Приехал этот фабержеев доверенный, и давай искаться. Первым делом, конечно, на Гумёшки. Тамошние камнерезы наотрез отказали — нету доброго камня. В Тагил сунулся — есть кусочки, да не того сорту. В заграничной конторе через подставного человека наведался. Только разве там продадут, коли сами крохами собирали. Совсем приуныл доверенный, да спасибо, один горщик надоумил:
— Поезжай-ко ты к Евлахе Железку. У этого беспременно камень имеется. Недавно он на руки одному такую поделочку сдал, што все здешние купцы по каменному делу да и в заграничной конторе неделю кулаками махали, ногами топали да грозились:
— После этого пусть Евлаха со своей поделкой и на глаза не показывается. За пятак не примем!

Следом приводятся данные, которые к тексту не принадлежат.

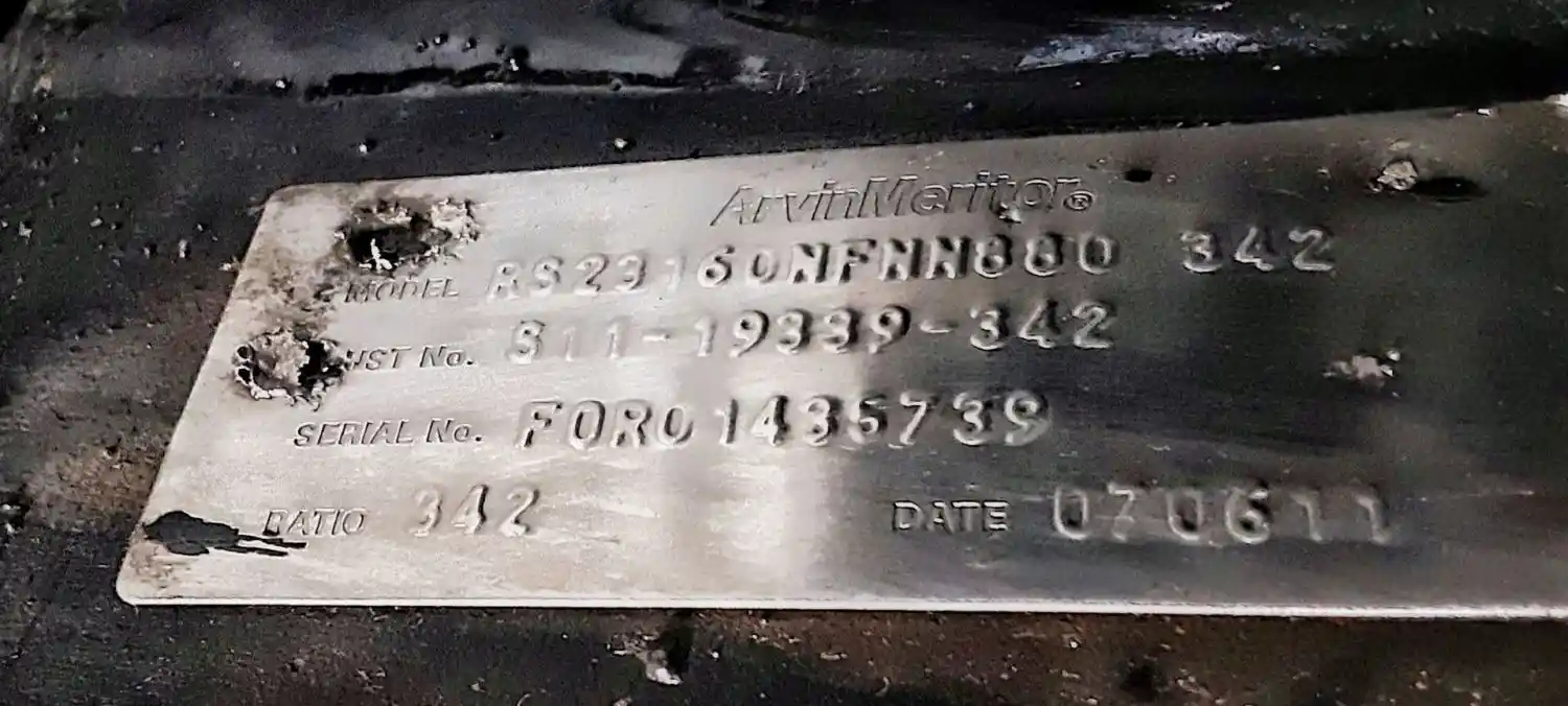 Used: Used Meritor Rear Axle Housing, RS23160, w/ Torque Rod Bracket, 10 Hole Pilot, Air Drum Brakes, ABS, 53.5" Inner Flange To Inner Flange, STD Track. P/N RS23160NFNN880342, C243121Z1872, A3121Z1872S, S/N F0R01435739. Removed From 2012 Freightliner FAS II Airl
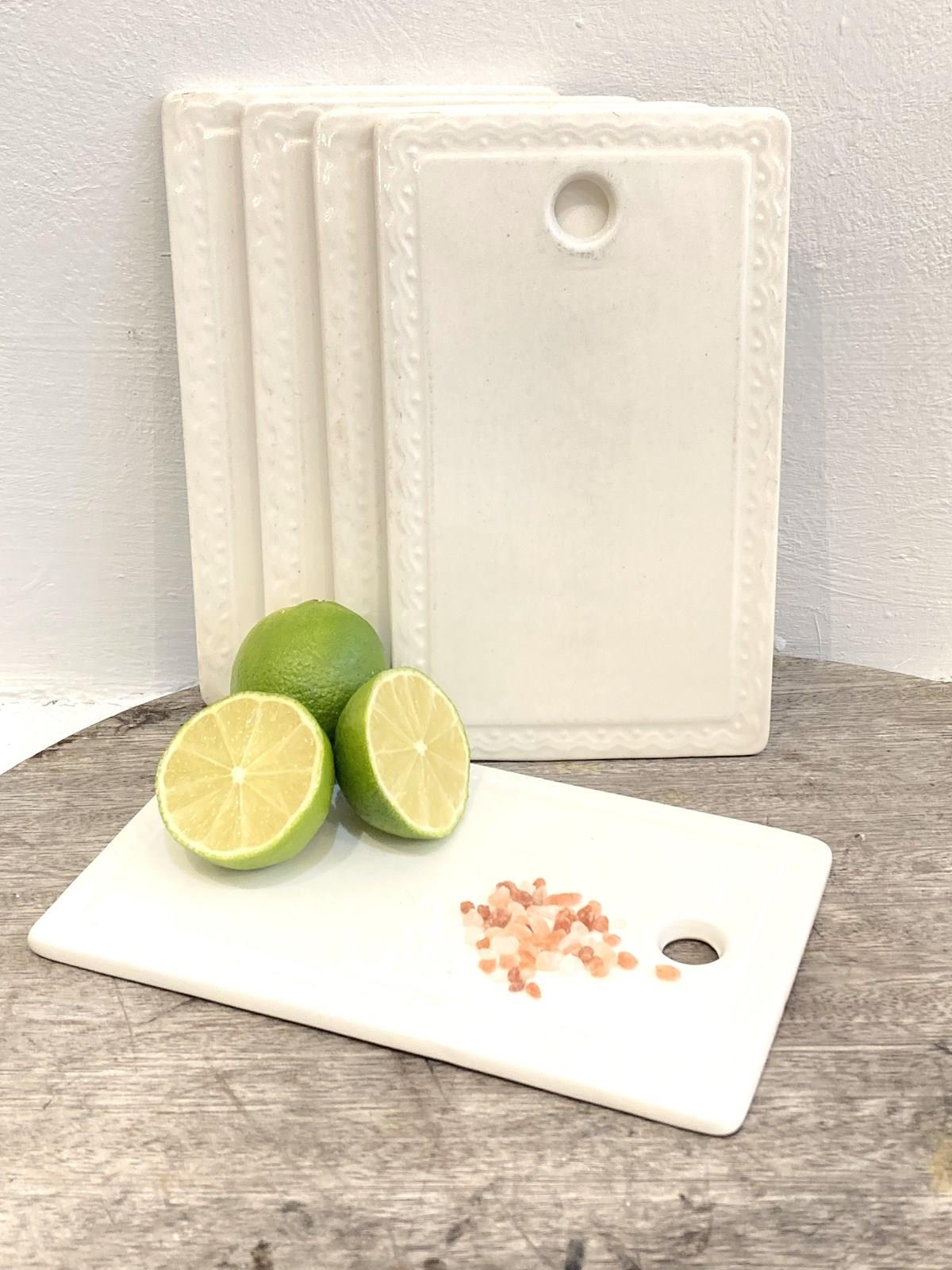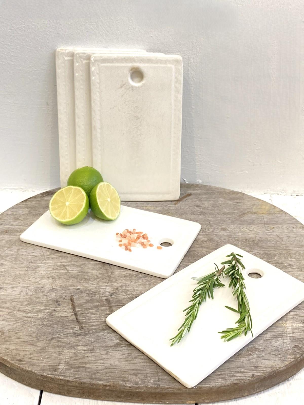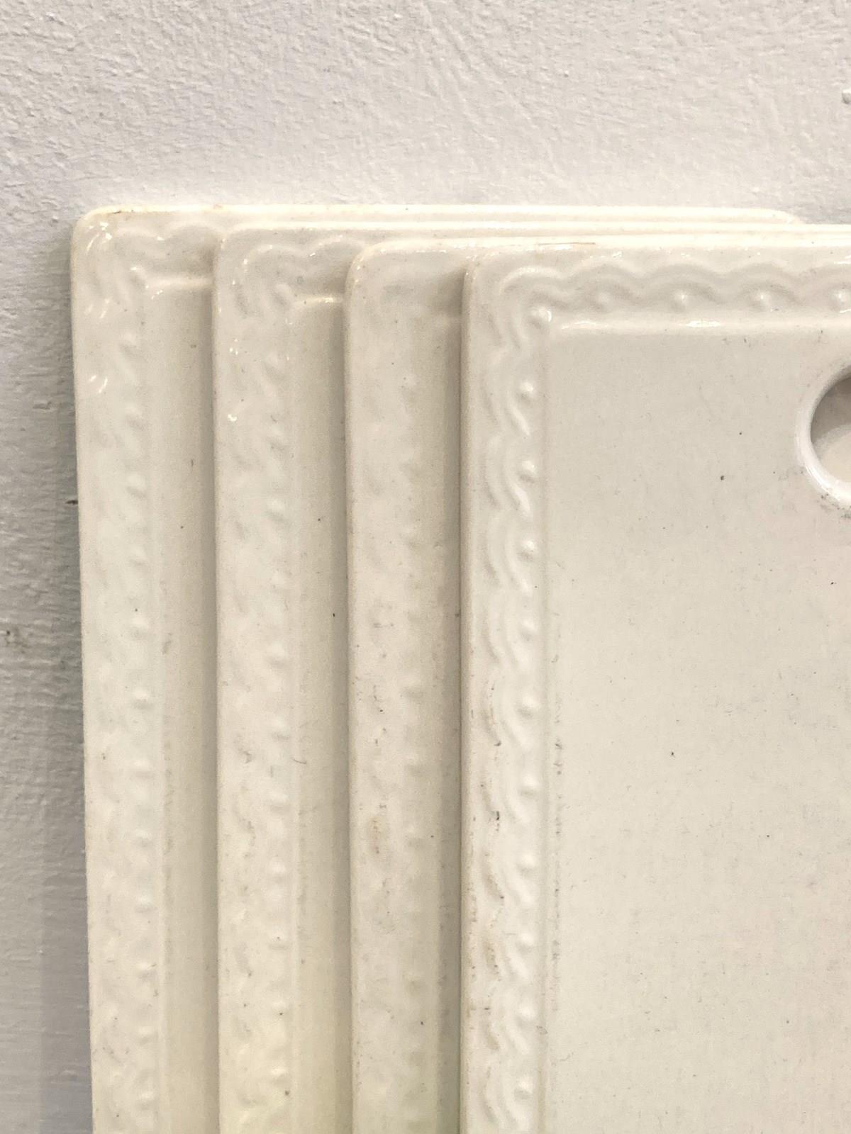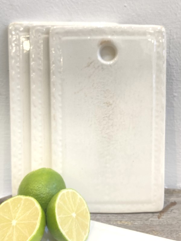 A lovely little haul of C19th French ironstone onion or breakfast boards in excellent condition. With understated moulded decorative detail around the rim and a hole for hanging, these look wonderful in a country kitchen and are still super-useful for serving tapas, mezze, cheese etc or on a cocktail trolley for slicing the lemons & limes for your G&T!

А Евлаха посмеивается да ответный поклончик послал:
— Рад стараться с жульём не вязаться. Теперь ещё, поди-ко, не забыл, как таким кланяться доводилось. Больше этого не будет. Кому надо, пускай сам ко мне за камешком волокётся, а я еще погляжу — кому удружить, кому оглобли заворотить. А самолично вашему брату и беспокоиться не след. Я хоть остарел, а ещё так могу по загривку дать, что который и с каменной десятипудовой совестью, а лёгкой пташкой за ворота вылетит.
Фабержеев доверенный, как услышал это, забеспокоился, спрашивает:
— Видно, этот Евлаха в деньгах не нуждается? Богатый сильно?
— Нет, — отвечают, — богатства особого не видно, а просто уважает человек своё мастерство. Дороже денег его ставит. Коли не захочет, рублём не сманишь, а коли интерес поимеет, так недорого сделает. И поделка будет хоть на выставку, а то и в царский дворец поставь. Нигде себя не уронит.
Доверенному полегче стало. «Есть, — думает, — чем Евлаху сманить. Скажу, что для царского дворца камни требуются». И не ошибся в расчёте. Евлаха, как узнал, для чего камни, без слова согласился, спросил только:
— Какой величины камни и какой узор надо?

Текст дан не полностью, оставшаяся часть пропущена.